Playing well and being in a good rhythm is one of the best feelings on the golf course. Having that momentum brought to a sudden halt by a slow group in front of you is one of the worst. If you’re like a lot of players, you’ve come out of a pause on the golf course feeling stale. It’s not uncommon for that first swing after the wait to be one of your worst of the day. Golf Digest Certified Fitness Trainer Jennifer Fleischer has a way to make sure that doesn’t happen. If perform these three moves while you wait, you won’t get stiff.

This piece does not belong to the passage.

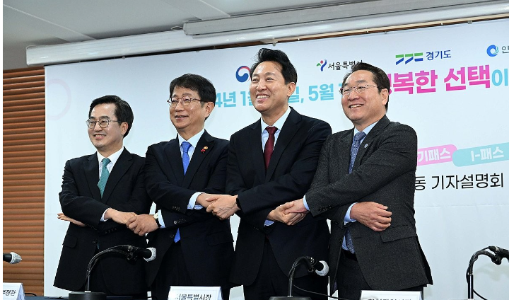 [세계타임즈 = 이장성 기자] 정부와 수도권 3개 광역 지방자치단체가 국민들의 대중교통비 부담을 덜기 위해 이용료 환급과 무제한 이용 등의 교통카드 혜택을 제공한다.국토교통부와 서울시, 인천시, 경기도는 22일 서울 중구 프레스센터에서 합동 기자설명회를 열어 정부·지자체의 대중교통비 지원 사업을 소개하고 4자 협력을 통한 혜택 확대를 약속했다.서울시는 오는 27일부터 '기후동행카드' 시범사업을 시작한다. 전면 시행은 오는 7월부터다.정부와 경기도는 오는 5월부터 각각 K-패스와 더(The) 경기패스를 시행하고, 인천시는 인천 I-패스를 오는 5월 적용을 목표로 준비하고 있다.서울시의 기후동행카드는 한 달에 6만2천원(따릉이 포함 시 6만5천원)을 내면 시내버스나 서울 시내 지하철 등을 무제한으로 이용할 수 있도록 하는 방식이다.K-패스, 더 경기패스, 인천 I-패스는 한 달에 15회 이상 정기적으로 대중교통을 이용하면 지출 금액의 일정 비율을 환급해 주는 방식이다. 환급률은 일반인의 경우 20%, 청년 30%, 저소득층 53% 등이다.K-패스의 지원 상한이 월 최대 60회라면 경기·인천 패스는 지원 횟수 제한이 없다. 이에 따라 경기·인천 거주자는 한 달에 대중교통을 60회 넘게 이용할 경우 초과분을 각 지자체 패스를 통해 환급받을 수 있다.예를 들어 인천시 연수구민이 한 달에 대중교통을 70회 이용했다면 60회 이용분까지는 K-패스로, 나머지 10회는 인천 I-패스로 환급받으면 된다.경기·인천 패스는 청년층 연령 확대, 65세 이상 어르신 환급 혜택 상향 등 각 지역 여건에 따라 추가 혜택이 주어진다.서울시는 아울러 올해 상반기 중 기후동행카드 청년권을 출시한다. 이를 통해 만 19∼34세 청년은 월 5만8천원가량에 대중교통 무제한 이용 혜택을 누릴 수 있게 된다.서울시민은 K-패스와 기후동행카드 중 대중교통 이용 패턴과 지역에 따라 더 유리한 카드를 선택할 수 있다.정부와 서울시, 경기도, 인천시가 이름과 혜택 등이 각기 다른 대중교통비 지원 혜택을 내놓은 어떤 교통카드를 선택할지를 놓고 혼선이 불거질 수 있다는 지적도 나온다.박상우 국토부 장관은 대중교통 이용은 개인별로 패턴이 있어 하나의 방식보다는 다양한 선택지를 드리는 게 좋다는 것이 정부와 각 지자체의 공통된 생각이라며 정부가 프로그램을 만들고, 지자체는 이와 병행해 통행 패턴에 맞춰 개선해 나가면 주민들이 그렇게 혼란스럽지 않을 것이라고 말했다.초기 혼란을 줄이기 위해 구체적인 혜택과 적용 범위 등은 정부와 지자체가 협력해 상세히 안내하겠다고 박 장관은 덧붙였다.지자체장은 추후 서울과 경기, 인천의 대중교통 할인 혜택을 통합하는 방안도 검토하겠다는 입장이다.3개 광역지자체는 우선 수도권에서 통합적으로 교통비를 지원할 최적의 방안을 도출하기 위해 공동 연구용역을 추진하고 있다.오세훈 서울시장은 과거 서울을 시작으로 약 8년에 걸쳐 경기도, 인천으로 확대된 수도권 통합환승할인 제도를 언급하며 끊임없는 통합 노력을 기울여서 혜택을 선택하시는 데 혼란을 최소화해 나가는 노력은 계속해서 기울여 나가겠다고 밝혔다.김동연 경기도지사와 유정복 인천시장도 국토부, 서울시와 협력해 혼란을 최소화하고 혜택을 넓히는 데 힘을 합치겠다는 입장을 밝혔다.박 장관은 대중교통비 지원 외에도 교통시설 확충, 버스·전철 증차 등 다양한 대중교통 활성화 정책이 원활히 추진될 수 있도록 적극 협력해 나가겠다고 밝혔다.

“These three drills are ideal because they mobilise and activate the key muscles we use in the swing,” says Fleischer, one of the 50 Best Golf-Fitness Trainers in America. “All you need is a golf club to do them.”

Club raises

Set up like you’re addressing a ball and hold your club with one hand on the grip and the other at the hosel. Hold the club out in front of you and feel like you’re pulling the club apart as you raise the club above your head.

“This exercise improves mobility in the shoulder joints and stability in the shoulder blades, both of which can help improve swing speed and control over the clubface through impact,” Fleischer says. “Because this move challenges you to stay in golf posture as you lift the club over your head, it also helps with maintaining posture throughout the swing.”

Five stretches you should do after every round

W turns

Get in your address position and hold the club with one hand on the grip and one on the hosel again. This time, bring the club up and over your head, resting the shaft along your upper back. Your arms will make a W shape. Keep your lower body still while you turn your torso back and forth. After 30 seconds, let your hips turn with your torso.

“This dynamic movement is all about creating better rotation through the thoracic spine (or mid-back) and the hips,” Fleischer says. “Then transition into rotating your lower body with your upper body to improve your sequencing and enhance the fluidity of your swing.”

Clock taps

Stand in an athletic position and pick your right foot up off the ground. Use a golf club to stabilise yourself as you reach your right leg behind you to 6 o’clock. Return your foot to the centre, but don’t let it touch the ground. Then move your foot out to the side, to 3 o’clock, back to centre, then forward to 12 o’clock, back to centre, then across your body to 9 o’clock. Switch legs.

“When we start to fatigue, balance is one of the first areas to suffer,” Fleischer says. “These clock taps boost that single leg balance and at the same time, they improve mobility through your ankles and hips, helping to prevent common golf injuries in the feet, knees and low back over time. It won’t take long before you feel your glutes burning in this move, and we all know the glutes are one of the most important muscles in the swing when it comes to power.”